I'm going to be making a simple music/HT system over the summer and was wondering if there are any decent, powerful receivers that have active crossovers? I'm not looking to buy a HITB setup, I wanted to choose raw drivers and make the boxes and everything myself without messing with passive crossovers. Though that would be another thing to learn.

Anyway, I'm open to suggestions in the sub $500 range. Thanks!


----------



## generalkorrd (Jan 10, 2009)

All recievers have an active xover built in, but it is not capable of going active the way that you want. They usually only have a hp xover that is adjustable from ~60 hz-~150,and a LP sub xover that goes from ~60 hz-~150hz. The only way that I know of to have an actively xoverd system the way that you want it, would be to use one of these:
234s Stereo 2/3 Way, Mono 4-Way Crossover:: dbx® Professional Products
(or something similar).
The problem is that by the time you are done building your system, there will be way more than 500 in it, as you will need 2 channels of amp for each "way" of the xover.
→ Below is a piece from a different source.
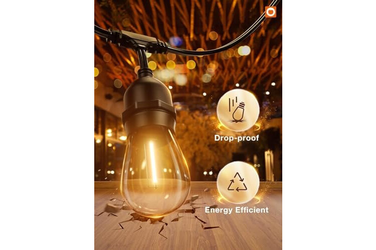Breathtaking Italian Bistro Style Lighting : Each strand features 15 vintage-inspired hanging sockets with shatterproof E17 LED edison bulbs, spaced 3.11 feet apart for a captivating, even glow. Enjoy brighter, energy-efficient outdoor lights that enhances every outdoor moment with timeless charm and lower electricity costs.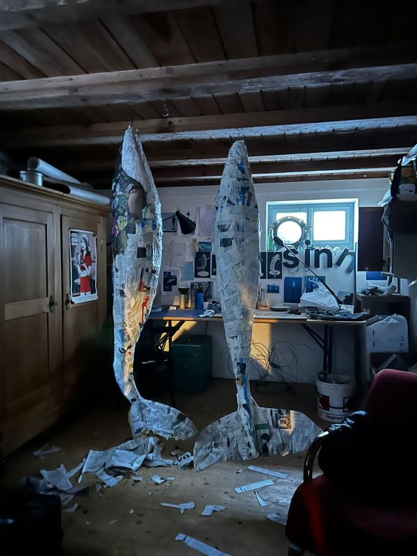 Papier, Kaninchendraht, Uhrgläser, Hybris, Blattgold

Another way to go and have no passive xovers, is to talk to this guy:
http://www.diymobileaudio.com/forum/diy-home-pro-audio/113945-open-baffle-project.html
Apparently this project uses no passive xovers, and only the active sub xover for the sub. He also may be able to point you towards other projects.


----------



## stereo_luver (Oct 30, 2007)

If you can go with a preamp / amp combo look for an Outlaw 990 preamp. It has crossovers for each channel and TA.

Chuck


----------



## MetricMuscle (Sep 16, 2013)

So, 3 1/2 years later and I'm wondering the same thing.
A receiver with a 3-way crossover, EQ, amplified and non-amplified outputs.
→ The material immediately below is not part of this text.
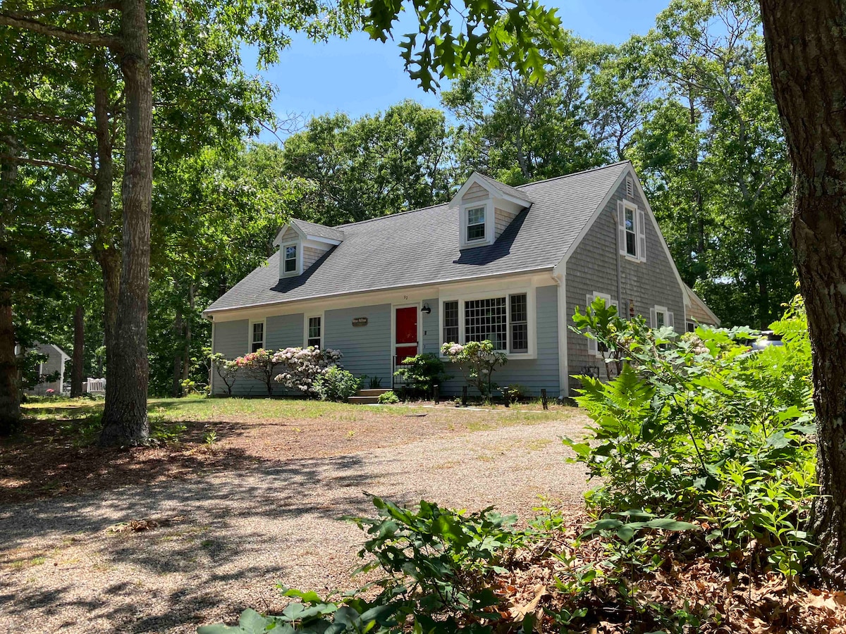 Odnowiony, przestronny i spokojny dom w Mid-Cape Droga prywatna, prywatna plaża/staw (5 min pieszo) Cicha centralna klimatyzacja 4 BR/3 full bth: > Parter: 2 sypialnie i 2 łazienki – dla 4 osób > Na górze: 2 sypialnie i 1 łazienka – dla 4 osób Podłogi z twardego drewna Duży, ekranowany ganek Duży salon: 2 skórzane fotele rozkładane i kanapa, kuchenka gazowa Jøtul, telewizor OLED 65” Wooded yard - gas fire table, grill Ping Pong – (niedokończona piwnica) Near 25-mile long Bike Trail, beaches, golf/mini-golf, tennis, boating Palenie wzbronione

This would be more for just home stereo, not HT.
Sorta a cross between home and Pro Audio, like an active system in a car using an all in one receiver unit instead of multiple components, pre-amp, eq, crossover, power amps, etc.
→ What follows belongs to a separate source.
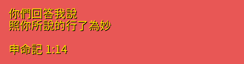 今日分享的中文聖經:「你們回答我說、照你所說的行了為妙。」來自聖經「申命記」第「1章14節」,你可以繼續向下拉看到聖經卷書完整章節。每日中文聖經從神的話語中聆聽神的聲音,引導我們的人生,指導我們人生的方向,讓我們做出正確的選擇,而做出這些正確選擇的原則都在聖經中,所以我們需要讀神的話語,認識他的話語,把神的話語藏在心裡。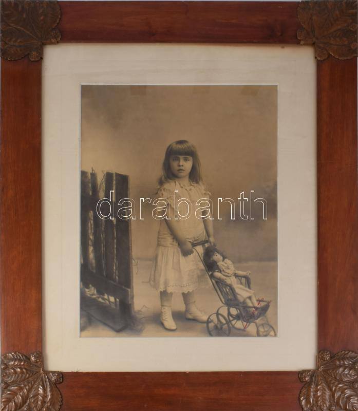 Nagy méretű dekoratív fa képkeret sarkain poncolt rész díszítéssel, szép állapotban. ca 1920. Külső méret 68x78 cm

I have a dbx 2-way stereo crossover and may get one of their newer 3-way with EQ and TA but that still leaves me without a pre-amp and power amp.

Is there such a thing as an audiophile receiver?


----------



## lostthumb (Dec 16, 2005)

I don't know of one but maybe somehow incorporate a mini dsp 2x8 into the system which should take care of your processing needs. Find a nice preamp and multi channel amp. 

Also, Hypex has plate amps with dsp modules in them. You might need multiple plate amps to be able to do 3 way though.


----------



## etroze (Dec 24, 2013)

Emotiva Fusion 8100 if you can find one. I did a little digging on this and in the end it will work out better for me to use a Marantz 5008 and pair it to a pre amp like the mini DSP for tuning purposes or one of the Rayne crossovers.


----------